Cette nouvelle approche permet de simuler n’importe quelle structure composée d’un très grand nombre d’atomes, avec une très grande précision. L’équipe rapporte une performance de 100 timesteps par seconde et une dimension maximale de 126,4 millions d’atomes. « Nous démontrons une excellente mise à l’échelle jusqu’à 100 millions d’atomes et une mise à l’échelle faible de 70% jusqu’à 5120 GPU A100 », précisent les auteurs de l’étude. Bien entendu, l’approche n’est pas limitée aux molécules biologiques ; elle peut être utilisée dans le domaine des sciences des matériaux.
Les simulations de dynamique moléculaire sont un pilier de la science computationnelle, car elles permettent de comprendre la dynamique des molécules et des matériaux à l’échelle atomique. Elles offrent un niveau de résolution, de compréhension et de contrôle que les expériences ne peuvent souvent pas fournir, ce qui en fait un outil extrêmement puissant pour étayer les connaissances des scientifiques et les aider à concevoir de nouveaux produits.

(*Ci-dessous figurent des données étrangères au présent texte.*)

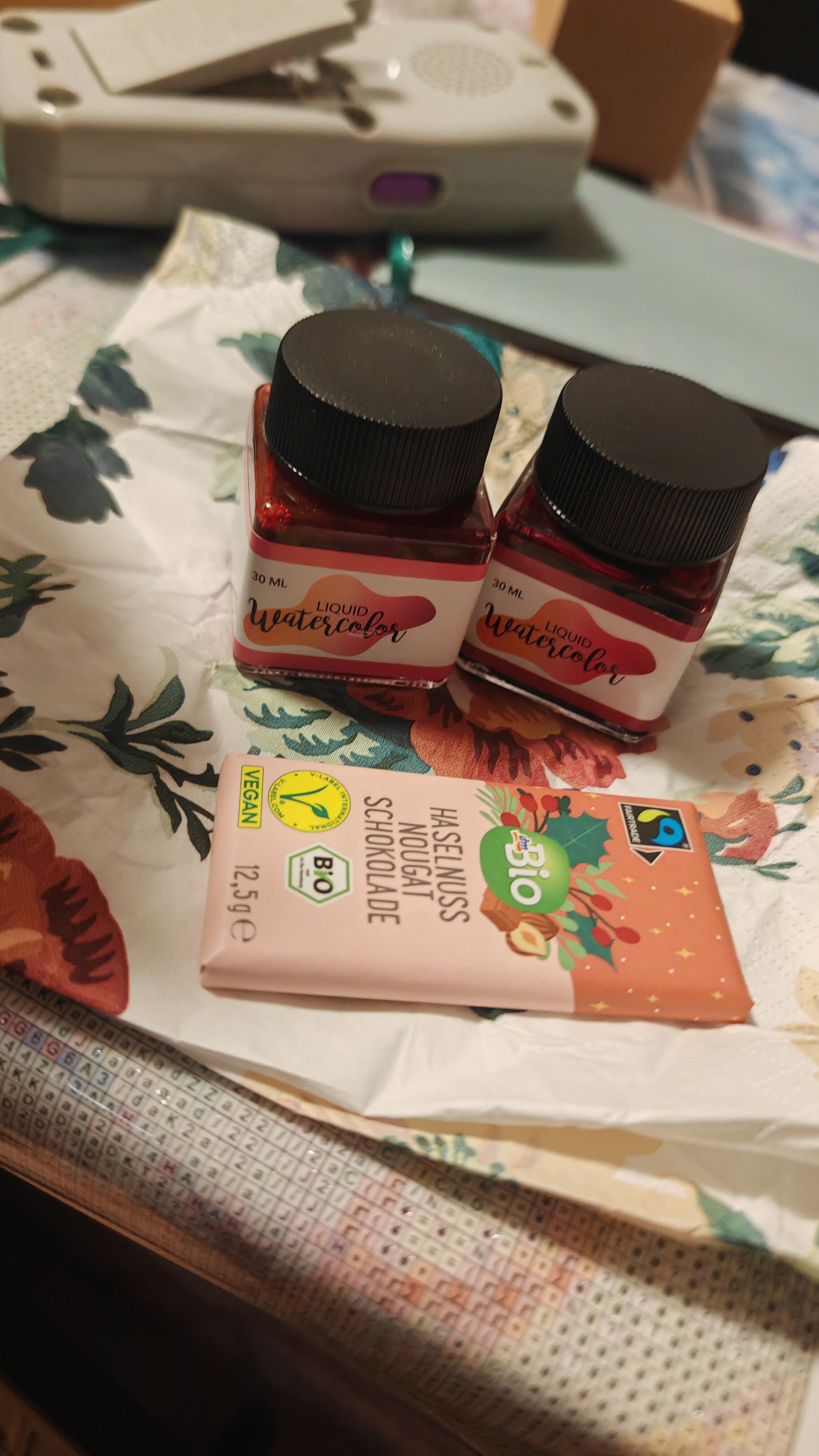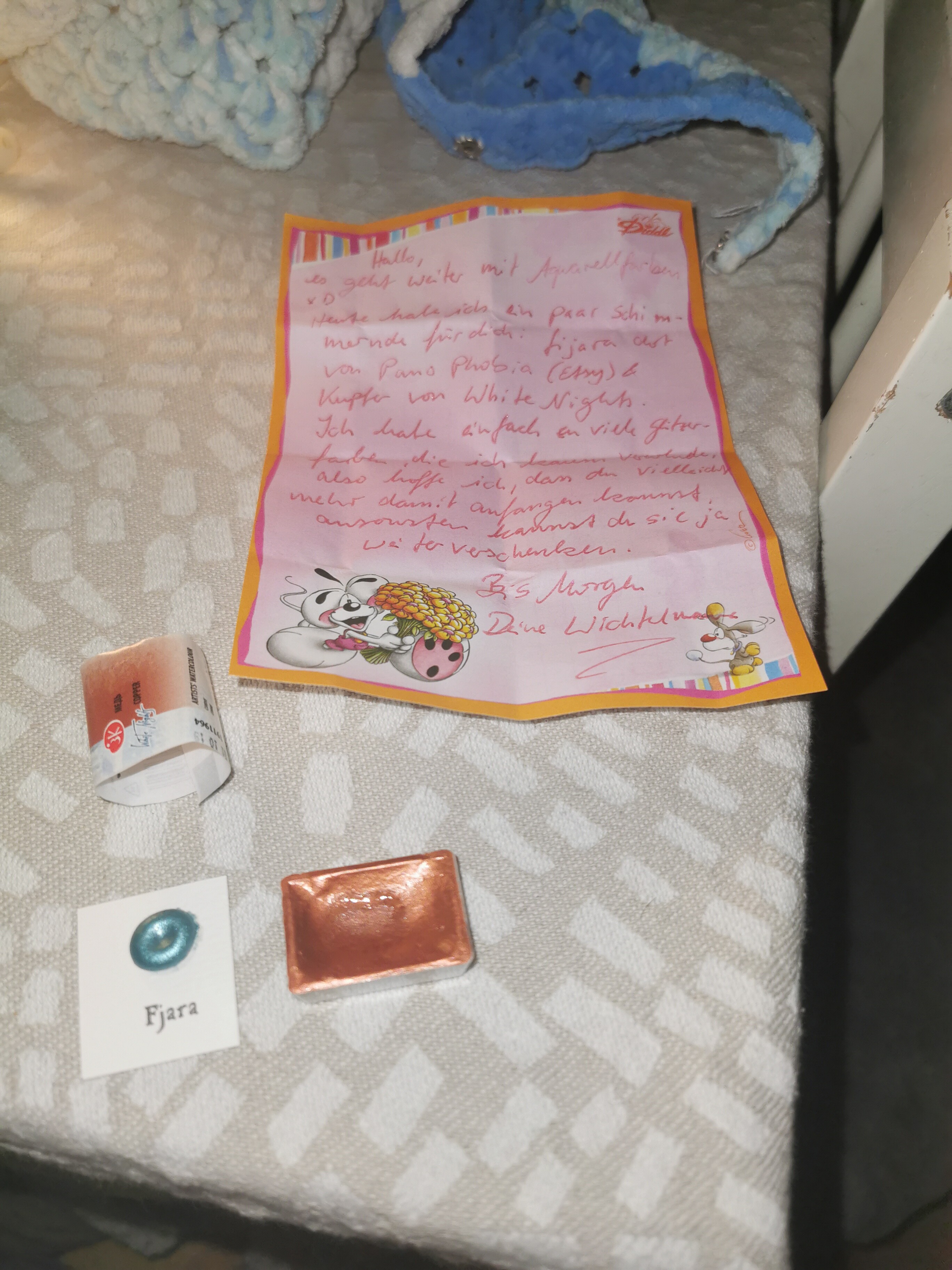 Heute gab es gleich 3 Aquarellfarben für mich, einmal Gletscher schwarz und Galaxy rosa von Schmincke und vermilion irise von sennelier. Die habe ich tatsächlich alle drei noch nicht, ich freue mich aufs swatchen! Ganz vielen Dank :3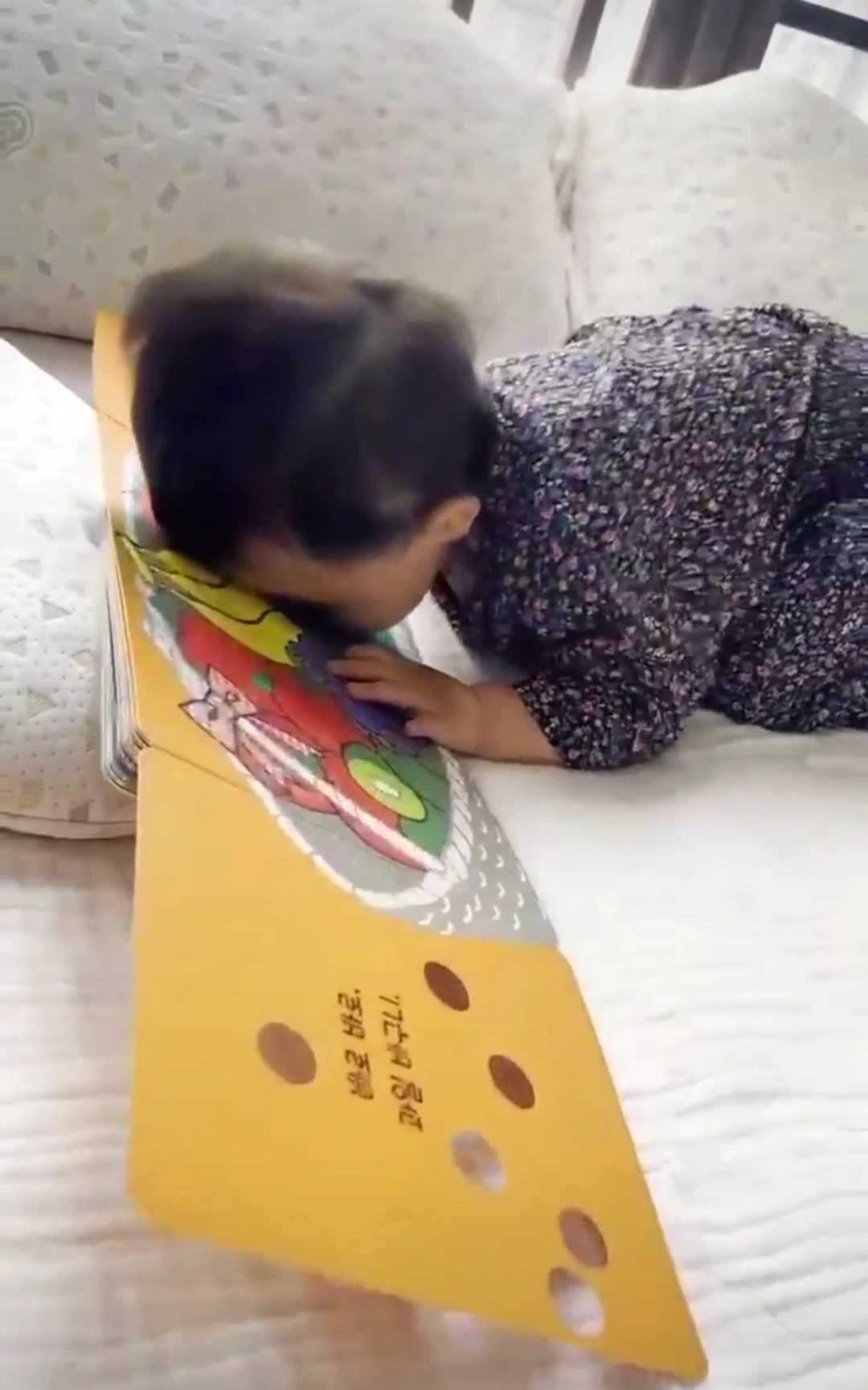 집안에서는 장난감이나 책을 가지고 잘 논다. 손가락으로 그림을 가리키거나 한 장 한 장 책장을 넘기는 모습도 예쁘다.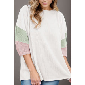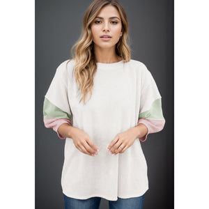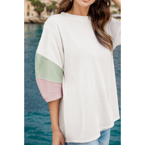 Color Block Round Neck Dropped Shoulder Blouse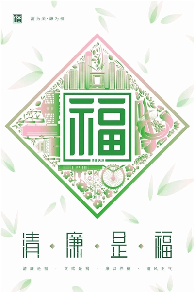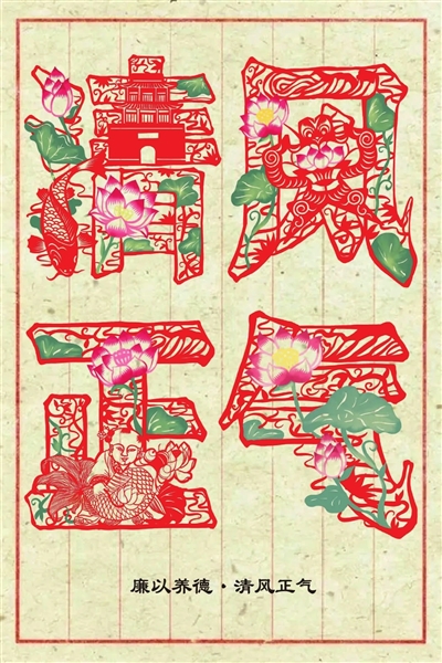 还有一类作品则对天津文化进行了充分挖掘。无论是杨柳青年画、鼓楼、风筝等传统元素,还是桥梁、建筑等现代城市景观,都在作品中巧妙地与清廉主题实现了联动。在海报设计作品《剪纸清廉》中,“廉以养德,清风正气”八个汉字以传统剪纸的样式呈现,并在字体中融入了杨柳青年画的娃娃和鱼、传统风筝、天津之眼、解放桥等形象。作者、天津美院学生张清扬告诉记者,创作前,她认真搜集和研究了自己熟悉的天津文化符号,选出其中适合表现清廉主题的再加以反复打磨,以符合剪纸的表现形式。她表示,此次创作经历让她更加确立了艺术要从生活中取材的创作理念。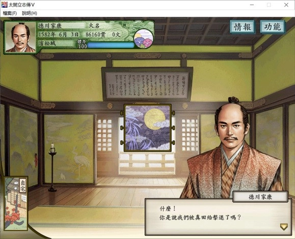 德川家康、丰臣秀吉、上杉景胜、真田昌幸、北条氏政的势力均存在,织田信长已离世。德川家康与丰臣秀吉处于同盟状态(或德川臣服事件是否发生存疑?已发生?),德川家康与北条氏政为同盟关系,德川家康与真田昌幸感情较好,北条氏政与真田昌幸关系一般(通过断交操作测试得知)。真田昌幸的居城位于北信浓国,真田氏领有沼田城,大久保忠世、鸟居元忠、平岩亲吉皆效力于德川家。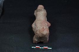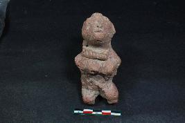 | Description / विवरण | A female figurine with prominent breast and eyes , nostrils are shown by pinholes . It has ornamentation around its neck , bun on the top of its head.Its legs and hands are broken and have rough surface. |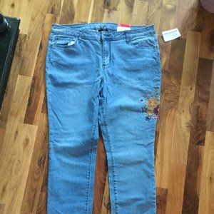 NWT Plus size jeans with embroidered floral design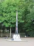 | Buttercross Needle | Marriotts Walk, Witney 51°47′17″N 1°29′12″W / 51.78793°N 1.48672°W | 2019 | Michael Fairfax | Obelisk | stainless steel, glass & fibre optic lights | West Oxfordshire District Council | A contemporary narrow pyramidal obelisk on a geometric steel base. At night, fibre optic lights illuminate it through thin glass strips. It reflects the spire of nearby St Mary's Church and the roof of the Buttercross.[12]
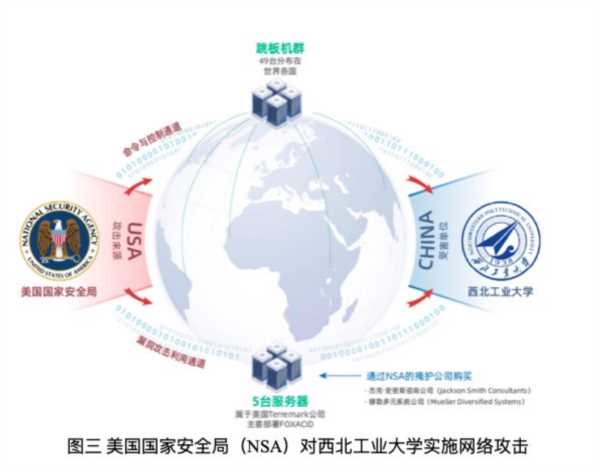 中国国家计算机病毒应急处理中心和360公司经过溯源,认为对西北工业大学实施的网络攻击,是由NSA下属信息情报部数据侦察局的TAO部门实施的,甚至连具体的入侵指挥官都被查了出来。从透露出的信息看,对西北工业大学的网络入侵已经持续了多年,窃取的敏感信息据说有140G,目前已经被全部还原,并复原出了NSA对我网络攻击的全貌。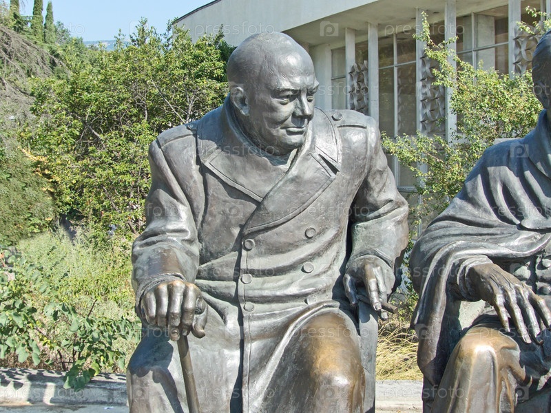Уинстон Черчилль. Фрагмент памятника Сталину, Черчиллю и Рузвельту является знаменитой сценой фотосессии лидеров «большой тройки» антигитлеровской коалиции в итальянском дворике Ливадийского дворца во время Ялтинской конференции в феврале 1945. Южный бере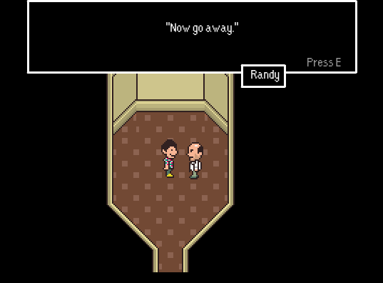 - Minor fixes with dialogue graphics, such as including word-wrap, making sure options don’t overlap, adding a name-box for the player, prompt to hit ‘E’ when text is done scrolling, etc.

L’architecture Allegro présentée ici est capable de simuler la dynamique de toute structure atomistique, y compris les composites polycristallins et multiphases, la diffusion dans les verres, la polymérisation ou encore les réactions catalytiques. Il a été démontré qu’Allegro était capable d’apprendre avec précision les forces atomiques via l’ensemble de données SPICE, qui comporte plus d’un million de structures moléculaires et de peptides. Elle a donc le potentiel de faciliter des percées dans l’étude de molécules complexes.
À l’avenir, cette architecture devrait être déployée sur des ressources informatiques encore plus importantes, ce qui lui permettra d’atteindre une plus grande évolutivité que celle démontrée dans cette étude.